The optimal solution is

1, 8, 13, 58, 169, 295, 831, 1036

This set of coins allows N =

3485

This set of coins is given in this paper: Some Extremal Postage Stamp Bases, by Michael F. Challis and John P. Robinson.

This paper was found by @alephalpha.

Answer 5

I would say:

255

Since:

Coins values are 1 2 4 8 16 32 64 128
By which you can pay any value, from 1 to 255

Second try:

If we allow duplicate coins, we can pay:
N = 382
Because we can pay any of the below:
2 * 128
2 * 128 + 1 + 2 + 4 + 8 + 16 + 32
2 * 128 + 64
2 * 128 + 64 + 1
2 * 128 + 64 + 1 + 2 + 4 + 8
2 * 128 + 64 + 16
2 * 128 + 64 + 16 + 1 + 2 + 4 + 8
2 * 128 + 64 + 32
2 * 128 + 64 + 32 + 1 + 2 + 4 + 8
...
2 * 128 + 64 + 32 + 16 + 8 + 4 = 380
2 * 128 + 64 + 32 + 16 + 8 + 4 + 1 = 381
2 * 128 + 64 + 32 + 16 + 8 + 4 + 2 = 382

Answer 6

This could be absolutely ridiculous since I didn't use anything to prove it is correct for all numbers but here goes:

If you can repeat coins (implied by "no matter how big is the largest coin, you can't pay more than 8 of them"), that means that with a coin of 1 we can get up to 8, then we introduce the 9, the maximum amount we can get with coins of 9 is 72, then we introduce the 73 and so on, leading us to the coins

1, 9, 73, 585, 4681, 37449, 299593 and 2396745

which would lead to a maximum amount of 19173952, using 8 2396745 coins.

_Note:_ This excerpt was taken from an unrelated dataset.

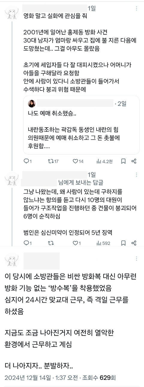 화재 등의 위험 속으로 뛰어들어야 하는 육체적인 위험과 차마 보기 힘든 많은 사건들을 경험해야만 하는 마음의 트라우마 까지ㅠㅠ
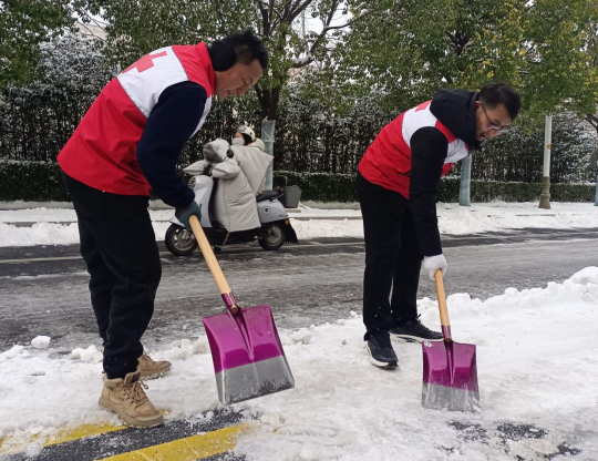 活动现场,志愿者身着红十字标识马甲,手持铁铲迅速集结、分工协作。尽管寒风裹挟着残雪扑面而来,但队员们无惧严寒、干劲十足,弯腰挥锹、奋力铲雪,铁铲与地面的撞击声、队员们的互助吆喝声,在冬日街头交织成温暖人心的奉献乐章。

TLDR, the answer to the question would be (according to the above):

19 173 952

Edit:

Well, it is incorrect, I could've simply tested it by trying to get 71; you'd need 7 coins of 9 and you'd only be left with 1 of 1, which would give us 64.

I suppose I'll leave this up anyways as an example of bad reasoning.

Also doubt it is correctly solvable to its full extent without using computers / a specific algorithm.